• PROBLEM DESCRIPTION:
Please write out exactly the lines from the opening of the listing through the line that holds "GB used abroad: Fernando", including both, and nothing else; no pictures.

• RECORDED INFORMATION:
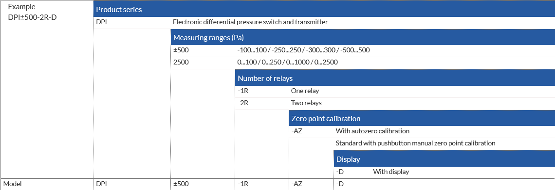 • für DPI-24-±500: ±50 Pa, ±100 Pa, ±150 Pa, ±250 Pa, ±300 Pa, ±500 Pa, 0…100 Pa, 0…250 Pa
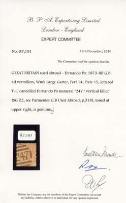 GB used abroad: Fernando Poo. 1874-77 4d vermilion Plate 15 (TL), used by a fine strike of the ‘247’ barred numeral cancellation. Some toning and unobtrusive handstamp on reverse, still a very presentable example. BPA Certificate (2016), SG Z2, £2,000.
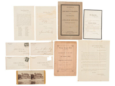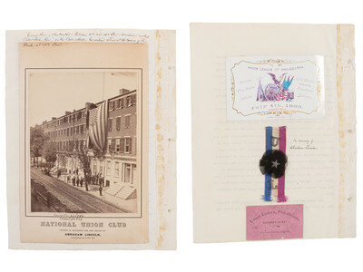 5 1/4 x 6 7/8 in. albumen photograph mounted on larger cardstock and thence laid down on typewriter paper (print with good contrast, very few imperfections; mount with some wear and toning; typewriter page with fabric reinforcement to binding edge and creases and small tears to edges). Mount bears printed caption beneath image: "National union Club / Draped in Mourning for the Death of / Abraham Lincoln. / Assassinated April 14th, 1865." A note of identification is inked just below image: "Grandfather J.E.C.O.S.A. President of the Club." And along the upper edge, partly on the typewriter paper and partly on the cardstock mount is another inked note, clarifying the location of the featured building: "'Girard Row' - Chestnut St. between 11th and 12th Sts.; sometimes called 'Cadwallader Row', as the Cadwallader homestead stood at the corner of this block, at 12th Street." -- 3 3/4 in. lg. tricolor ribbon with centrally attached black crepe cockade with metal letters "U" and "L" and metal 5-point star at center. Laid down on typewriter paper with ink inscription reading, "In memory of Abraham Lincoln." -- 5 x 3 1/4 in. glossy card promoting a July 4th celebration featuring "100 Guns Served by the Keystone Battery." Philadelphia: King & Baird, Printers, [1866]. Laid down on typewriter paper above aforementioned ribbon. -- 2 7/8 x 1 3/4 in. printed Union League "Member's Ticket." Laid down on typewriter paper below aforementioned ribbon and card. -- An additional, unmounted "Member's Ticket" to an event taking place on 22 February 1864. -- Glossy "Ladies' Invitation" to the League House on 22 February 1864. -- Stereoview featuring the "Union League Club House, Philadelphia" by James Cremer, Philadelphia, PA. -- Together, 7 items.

• OUTPUT:
 • für DPI-24-±500: ±50 Pa, ±100 Pa, ±150 Pa, ±250 Pa, ±300 Pa, ±500 Pa, 0…100 Pa, 0…250 Pa
 GB used abroad: Fernando Poo. 1874-77 4d vermilion Plate 15 (TL), used by a fine strike of the ‘247’ barred numeral cancellation. Some toning and unobtrusive handstamp on reverse, still a very presentable example. BPA Certificate (2016), SG Z2, £2,000.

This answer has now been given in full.